The ROCm toolboxes ship with ROCBLAS_USE_HIPBLASLT=1 by default. This forces rocBLAS to
prefer
the hipBLASLt kernel library, which historically delivered the best throughput on gfx1201 (R9700).
Rows tagged with __hblt0 were re-run with ROCBLAS_USE_HIPBLASLT=0, letting
rocBLAS
auto-select between hipBLASLt, Tensile, or other kernel providers. These runs show how performance
shifts when
the tuned hipBLASLt path is disabled.
hipBLASLt is AMD's LT (low-level tuned) matmul backend, optimized for transformer workloads.

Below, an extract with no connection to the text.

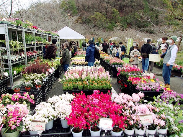 毎回2万人以上が訪れるこのイベントは、愛媛県内の造園業者が中心に出店し、庭木用の樹木300種以上、草花300種以上、計3万点以上の庭木や花苗などが、展示販売されます。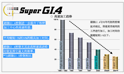 超級GI.4控制進一步提升了牧野加工中心的高速性能。 平均縮短15%到30%的模具加工時間。

Disabling it
can
expose regressions or improvements depending on driver versions, so both configurations are published
for
comparison.
Dual GPU (2x R9700)
These results were produced using two AMD Radeon AI PRO R9700 GPUs (32GB each, 64GB total).
Models larger than ~30GB are automatically distributed across both GPUs using
HIP_VISIBLE_DEVICES=0,1. Smaller models run on a single GPU
(HIP_VISIBLE_DEVICES=0).
rocWMMA variants
Backends labeled -rocwmma are rebuilt with AMD's rocWMMA library, which unlocks matrix
multiply
pipelines accelerated via wave matrix multiply-accumulate (WMMA) instructions.
rocWMMA kernels can significantly accelerate BF16/F16 workloads on RDNA3 but may trade stability or
memory
usage; comparing plain toolboxes against -rocwmma ones highlights the benefit or cost.